1 2

Website archiving

Hello and welcome to the topic of web archiving. This article is intended to serve as a resource for all those who want to understand what website archiving is, how it is used and why it is of great importance nowadays. We will present the following content in the article:

What is web archiving?
How does web archiving work?
Why is archiving web pages important?
What is the difference between archiving and creating a backup?

This article is aimed at a wide range of marketing, digital technology, compliance, research, archiving, and records management professionals – basically anyone responsible for an organization’s digital network presence, archival compliance, or long-term preservation.

What is web archiving?

When we talk about archiving a website, we mean collecting and storing web pages and the information they contain. You can think of this process as being similar to the traditional archiving of paper documents. One starts by searching for data and information.

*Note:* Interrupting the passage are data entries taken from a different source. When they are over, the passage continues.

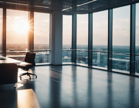 Abstract blurred interior light modern interior with panoramic windows and beautiful lighting in sunset interior workplace business
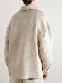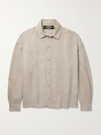 Jacquemus highlights texture in its 'La Croisiere' collection, bringing depth and dimension to classic silhouettes. Woven in an impressive croc-effect, this overshirt is made from a lightweight linen-blend and has dropped shoulder seams for a roomy, boxy fit. Size & Fit - Fits true to size. Take your normal size - Designed for a boxy fit - Dropped shoulder seam - Lightweight, non-stretchy fabric - Model is shown wearing an IT 48 - Model measures: chest 38"/ 96cm, height 6'2"/ 188cm Details & Care - Tonal-beige linen-blend - Button fastenings - 55% linen, 27% viscose, 18% cotton - Dry clean
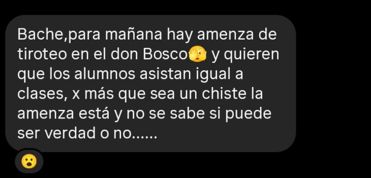 La primera alerta llegó a través de un seguidor de Bache3000, que advirtió sobre rumores que circulaban entre la comunidad educativa respecto a una amenaza de tiroteo. Poco después, el propio establecimiento confirmó la situación mediante un comunicado oficial enviado a las familias del Nivel Medio.

Then content is selected, saved, and archived on a hard disk, for example.

From this point on, the information on the stored pages can be made available to the public in the archive. The following groups in particular are interested in such archives: Researchers, historians, journalists and universities, but also companies, authorities and other organizations. However, some industries are also obliged to archive their websites.

How does website archiving work?

Since the Internet contains a vast amount of web pages, archiving usually uses automatic procedures to collect and store pages. For this purpose, websites use so-called crawler software. Crawlers move around the web and within URLs, extracting and storing information as they go. These bots play an important role in the accuracy of web page collection. Due to the complexity of modern sites, this process has become a challenge for all archiving vendors.

Once crawling is complete, the archived pages, and the information they contain, are available as part of the web archive collection. These can be played and navigated as in the “live web”. However, they retain only the content published at a particular point in time.

What is a crawler?

The crawler can also be called spider bot and is an Internet bot that systematically searches the World Wide Web. Normally it exists to index a web page. This means that it includes all the information of a page in the index/register. Search engines, such as Google, use these bots to determine the ranking of the pages in the search results.

Why is archiving web pages important?

Businesses, government agencies, and organizations create websites as part of their communication with the public because they are powerful tools for marketing and information sharing. Websites represent a company’s brand, values, and personality, and document the public nature of an organization and its interactions with audiences and customers. In addition, information published on the Internet has become the primary place where we seek and receive information. For this reason, a website is considered an important public document.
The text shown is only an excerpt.